Top of SUPPLIED DATA

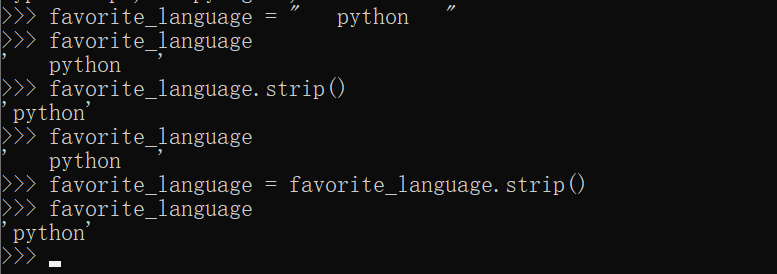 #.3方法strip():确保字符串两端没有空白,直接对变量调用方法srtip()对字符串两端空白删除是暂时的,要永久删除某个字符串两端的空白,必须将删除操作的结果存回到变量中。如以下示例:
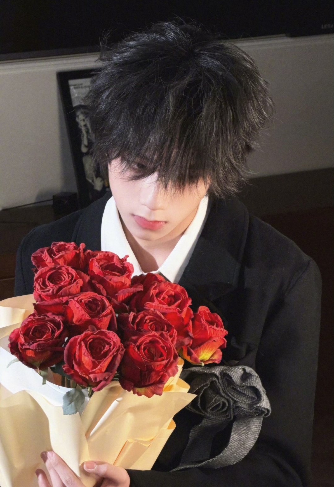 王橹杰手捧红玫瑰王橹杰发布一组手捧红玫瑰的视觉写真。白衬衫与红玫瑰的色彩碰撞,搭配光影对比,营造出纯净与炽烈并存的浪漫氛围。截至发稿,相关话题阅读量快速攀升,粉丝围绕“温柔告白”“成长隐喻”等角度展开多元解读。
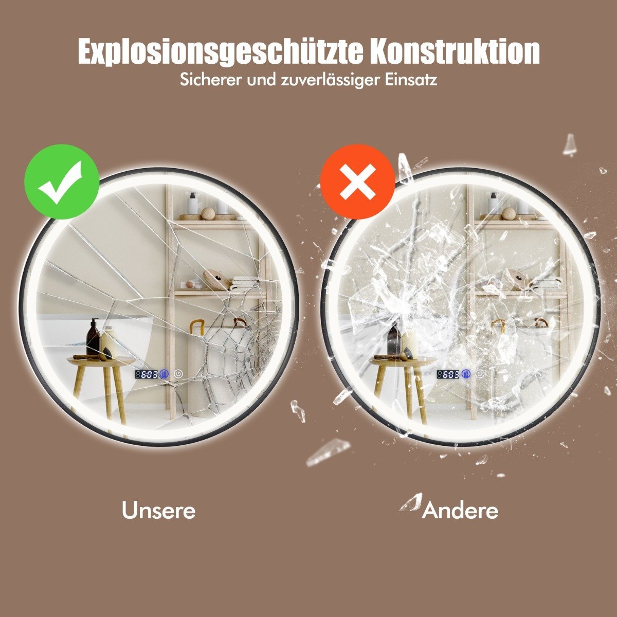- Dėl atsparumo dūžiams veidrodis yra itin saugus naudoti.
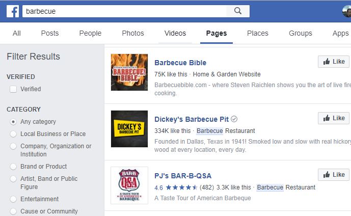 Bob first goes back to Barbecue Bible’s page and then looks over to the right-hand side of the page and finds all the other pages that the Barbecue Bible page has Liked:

Bottom of SUPPLIED DATA

EXERCISE OBJECTIVE>
Would you restate word for word each line from the one that holds "- Dėl atsparumo" to the end of the material, both ends included, without the pictures?

RESULT OF THIS TASK>
- Dėl atsparumo dūžiams veidrodis yra itin saugus naudoti.
 Bob first goes back to Barbecue Bible’s page and then looks over to the right-hand side of the page and finds all the other pages that the Barbecue Bible page has Liked:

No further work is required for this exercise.